Importantly, our results elucidate a considerable part of existing data on AGC specificity, and they predict mutations that could switch specificity from one family to another in Table 3. For example, considering the tight interactions among positions 129, P − 2 and P − 3 (Fig. 2c), the residue at position 129 is expected to determine the variation at P − 2 and P − 3. This expectation is fulfilled in Table 3. In PKA, PKC, RAC, and S6 PK, position 129 is occupied mostly by residues that can make hydrophobic interactions (Phe, Trp, and Met), whereas in GRK, a basic residue (Lys) is commonly found at position 129. There is a corresponding change in the substrate residues at P − 2 and P − 3. Both PKA and PKC select amino acids with a long hydrocarbon chain (Arg or Lys) at P − 2 and P − 3 on the substrate (16). Arg is also strongly favored at the P − 3 site for RAC and S6 PKs (16). In contrast, for GRK2, the substrate consensus sequence has acidic residues (Asp or Glu) at P − 2 and P − 3 (16). Electrostatics seems, then, to govern the specificity between position 129 and the P − 2 or P − 3 site in GRK, whereas hydrophobic packing appears to dominate in PKA, PKC, RAC, and S6 PK. This hypothesis could be tested by mutating Phe-129 in PKA to Lys. The substrate consensus sequence should then prefer Asp or Glu at P − 2 and P − 3.
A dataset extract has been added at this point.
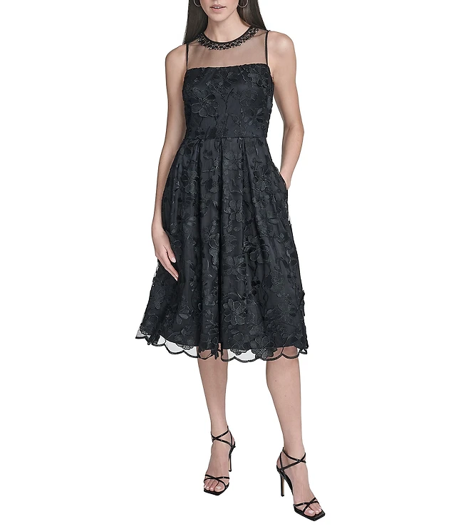 Pisarro Nights Beaded Mesh Crew Keyhole Neckline Sleeveless Sheath Midi Dress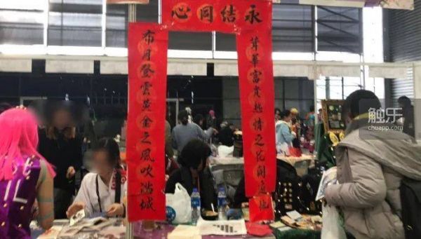 同人展会上的对联大多继承了这种“直说大白话”的特质。对喜爱某一角色配对的创作者而言,往往会用一副工整的对联讲述自己的配对有多恩爱,最后加上“永结同心”或是“喜结连理”的横批。大多数时候,同人对联上的遣词造句不十分讲究,词性能对上已经是算是尽了最大的努力,至于平仄等更高级的要求总是会被抛到九霄云外。

Position 84 is another clear example of how Table 3 illuminates and unifies experimental data on specificity. For the P + 2 site, there seems to be no preference in PKA (16). On the other hand, PKC (16) and RAC (16) show a significant preference for the basic Arg at P + 2. In PKA, Gln-84 holds on to His 23 at P + 2 through hydrophobic and electrostatic interactions (Fig. 2b). In PKC and RAC, the counterpart of Gln-84 is either Asp or Glu (Table 3), which explains why Arg is preferred at P + 2. PKC and RAC, then, seem to use a salt bridge to achieve specificity for P + 2 recognition, whereas PKA may rely on a combination of hydrophobic and electrostatic interactions. We can readily test this hypothesis by mutating Gln-84 to an acidic residue. An enhanced preference for Arg at P + 2 would then confirm the hypothesis.
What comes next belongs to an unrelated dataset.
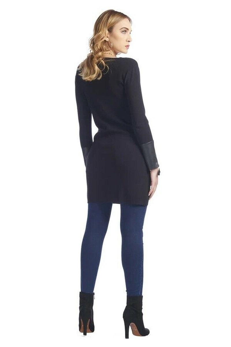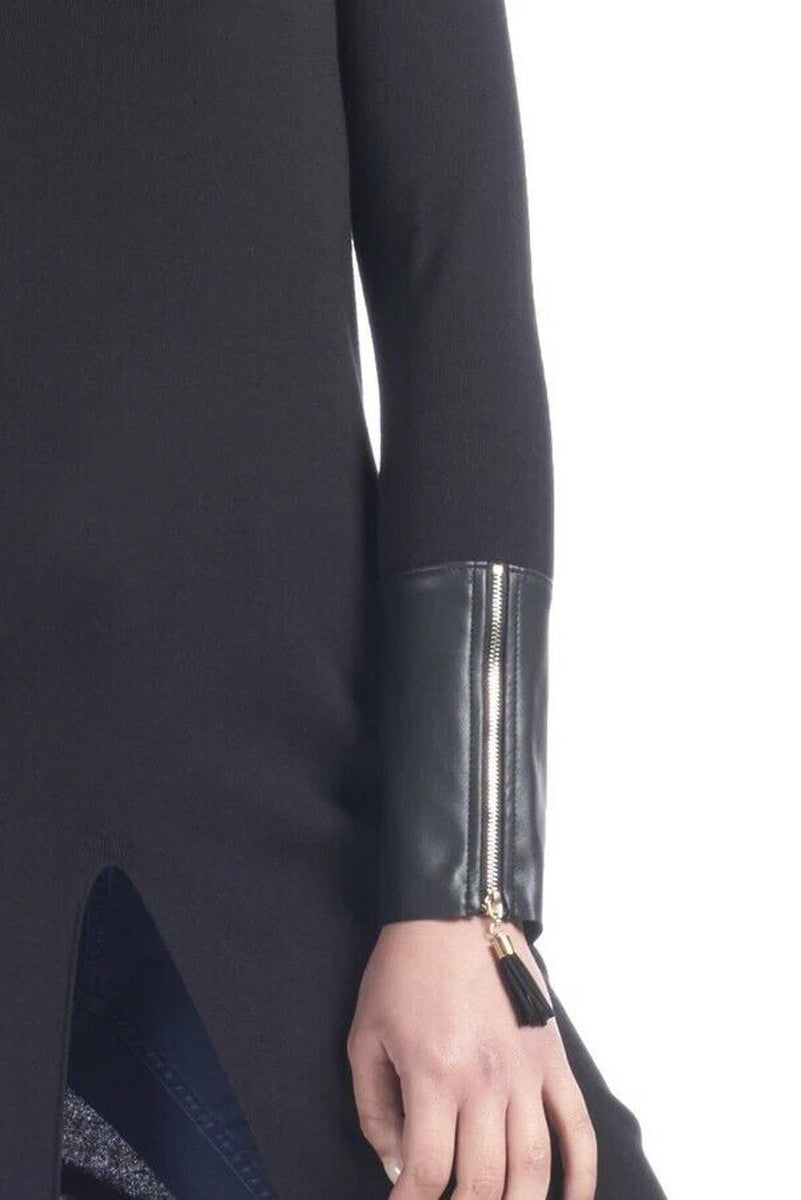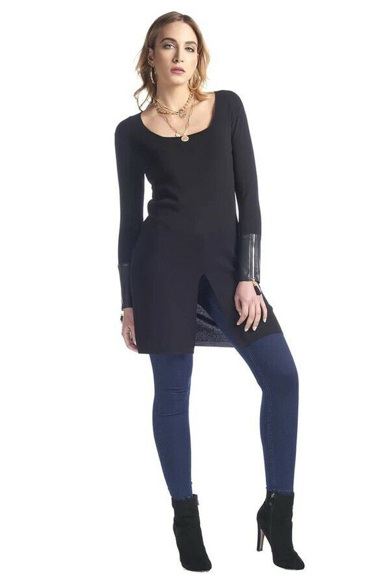 Maglia Relish Con scollo Quadrato e polsini in ecopelle con zip Oro. Perfetta per leggings e Jeans. La modella è alta 1,72 ed indossa una taglia S.

We now turn our attention to positions 191 and 196. The residues are not in contact with the inhibitor in PKA (Fig. 2d), so it seems unlikely that Val-191 or Trp-196 plays a direct role in recognizing the substrate. Why, then, do these two positions show intrafamily conservation but interfamily diversity (Table 3)? The answer may lie in the proximity among Val-191, Trp-196, and Thr-197 (Fig. 2d). As stated before, Thr-197 in PKA, and its counterpart in several other PKs, must be phosphorylated for the enzyme to be fully active (12). When PKA is activated by phosphorylation, it could be detrimental for the cell to simultaneously activate other PKs such as PKC and RAC. Therefore, the different residues at positions 191 and 196 may be a method for the cell to regulate the phosphorylation rate and thereby to achieve enzyme-substrate specificity. In particular, the side chain of Trp-196 is largely solvent-exposed (Fig. 2d) and may be involved in controlling access and guiding any PKA kinase to Thr-197. This example illustrates the hypothesis of specificity via differential activation in the Introduction.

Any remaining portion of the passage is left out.